“I think it is very sweet of you to let him come here at all,” she said. “I—I don’t see how you can—considering who he is.”
“Who he is?... Humph!... Well, he is a friend of yours and I don’t want to stand between you and your friends. Besides—which is what you mean, of course—he is a Cook and when I deal with one of them I always feel safer if he is where—”
He did not finish the sentence. “Where—? What were you going to say?” she asked.
He was fearful that he had already said too much. “Nothing, nothing,” he said. “Good-night, dearie. I must finish my letter.”
The letter was to Mrs. Jane Carter, in Boston, and he did finish it before he went to bed.

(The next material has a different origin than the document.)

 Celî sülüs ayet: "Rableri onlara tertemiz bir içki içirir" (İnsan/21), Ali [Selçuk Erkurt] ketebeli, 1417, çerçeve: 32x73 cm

Bob came on Tuesday evening and again Foster Townsend left the young people alone in the library. The stay this time was longer. He came again on Friday and on the following Tuesday. Townsend said nothing, but he thought a good deal. He began to wish that he had followed his own inclination and forbidden the pair of young idiots to see each other at all. His questions to Esther, put very guardedly, seemed to warrant the belief that, so far at least, her feeling toward Griffin was merely that of friendship; but friendship at that age was dangerous. It must be broken off—and soon.
CHAPTER X
MRS. CARTER had not yet replied to his letter. He wrote another, stating his case more succinctly and intimating that he expected compliance with his wishes. He even dropped a hint concerning her obligation to him, something he had never done before.

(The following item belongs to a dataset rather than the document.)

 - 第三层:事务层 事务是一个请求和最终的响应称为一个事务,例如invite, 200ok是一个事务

“It may upset your plans a little,” he wrote, “and I suppose you feel that you can’t shut up that house of yours and turn your other lodgers adrift. Well, I don’t ask you to do that. Find some one who can handle the craft while you are away and I will pay the bill. I have heard you say that it was the dream of your life to go where I am planning to send you. Here is your dream come true. You like the girl and she likes you. You are the only one in sight that I should feel safe to trust as skipper of a cruise like this one, with her aboard. You have always declared that, if ever you could do anything for me, you would do it if it killed you. Well, this won’t kill you. It may do you good. If anything can shake the reefs out of that Boston canvas of yours I should say this might be the thing. You will sail freer afterwards and you will have something to talk about besides the gilding on the State House dome. Let me hear from you right away.”
He did not hear, however. Another week passed and he had not heard. Bob Griffin called twice more during that week. And on Sunday, after service, while Foster Townsend stood on the church steps chatting with Captain Ben Snow, from the corner of his eye he saw Esther and Bob talking together and noticed, quite as clearly, the significant glances and whisperings of his fellow worshipers as they, too, watched the pair.